Boosting Machine Vision Efficiency with Memristors
As machine vision technology advances, there is a growing need for more efficient systems that can process images and learn from visual data. Traditional systems face challenges due to separate components for sensors, memory, and computing, leading to high energy consumption and delays. This study introduces a new visual recognition system using memristor-based reservoir computing (RC) with integrated sensing and memory. By utilizing a 2D material (WS2) with light-responsive properties, the system efficiently transforms image data into high-dimensional information, simplifying classification with minimal training. The system achieved 88.3% accuracy in recognizing handwritten digits and 100% accuracy in identifying traffic signal colors, paving the way for more efficient and sustainable machine learning applications in artificial vision.
Carbon Nanotubes for Better Signal Shielding
As electronic devices become smaller and more powerful, managing electromagnetic interference (EMI) is a growing challenge. To address this, we have developed a new method to enhance electromagnetic isolation while occupying minimal space on device boards. The approach uses carbon nanotubes (CNTs), which are highly conductive and offer strong potential for reducing interference, but have been limited by their complex manufacturing needs. This study presents a technique for transferring carbon nanotube fence walls (CNTFW) onto existing structures, boosting their ability to block unwanted signals. The result is an up to 16 dB improvement in isolation across a broad frequency range (0-50 GHz), offering a promising solution for more efficient and compact electronic devices.

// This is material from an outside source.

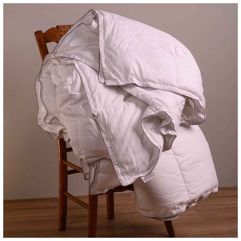 Πάπλωμα 4 εποχών - 2 σε 1. Αποτελείται από δυο επιμέρους παπλώματα τα οποία μπορούν να χρησιμοποιηθούν είτε μαζί, είτε ξεχωριστά, ανάλογα με την εποχή και το κρύο. Είναι κατασκευασμένα από 100% Microfiber σατέν ριγέ ύφασμα εξωτερικά και γέμιση από 100% μικροΐνες 3D 200 GSM. Το ένα πάπλωμα διαχωρίζεται από το άλλο με αποσπώμενα κουμπιά. Κάθε πάπλωμα έχει βάρος 200 GSM άρα όταν χρησιμοποιηθούν μαζί έχουν βάρος 400 GSM.

Faster Computing with Low-Power Ternary Logic
Ternary logic, which uses three states instead of the usual two, is gaining attention for its potential to improve the efficiency of digital circuits, particularly in data-heavy tasks like artificial intelligence. This research focuses on optimizing ternary multiply-accumulate (MAC) units, crucial for tasks like neural network processing. The study introduces new ternary algorithms that reduce power consumption by up to 30%, with minimal errors. It also presents advanced ternary circuits that outperform traditional binary systems, offering up to 80% lower power-delay product (PDP) and 45% less area usage. These improvements were confirmed through simulations using both carbon nanotube and CMOS technologies, showing promising practical applications for future high-performance, low-power computing systems.
Thermoelectric Gains in Ultra-Thin Penta-PdPS
Thermoelectric materials, which convert heat into electricity, are a promising technology for energy harvesting. This study investigates a novel class of 2D materials, penta-PdPS, which are made up of thin layers of palladium, phosphorus, and sulfur arranged in a pentagonal pattern. By examining how layer thickness and applied voltage affect their thermoelectric properties, the research reveals that thinner layers of PdPS significantly boost its performance. The thermoelectric power factor, a key indicator of efficiency, was found to be twice as high for 11-layer PdPS compared to thicker 88-layer samples. These findings highlight the potential of ultra-thin 2D materials in advancing energy conversion technologies, with implications for developing more efficient thermoelectric devices.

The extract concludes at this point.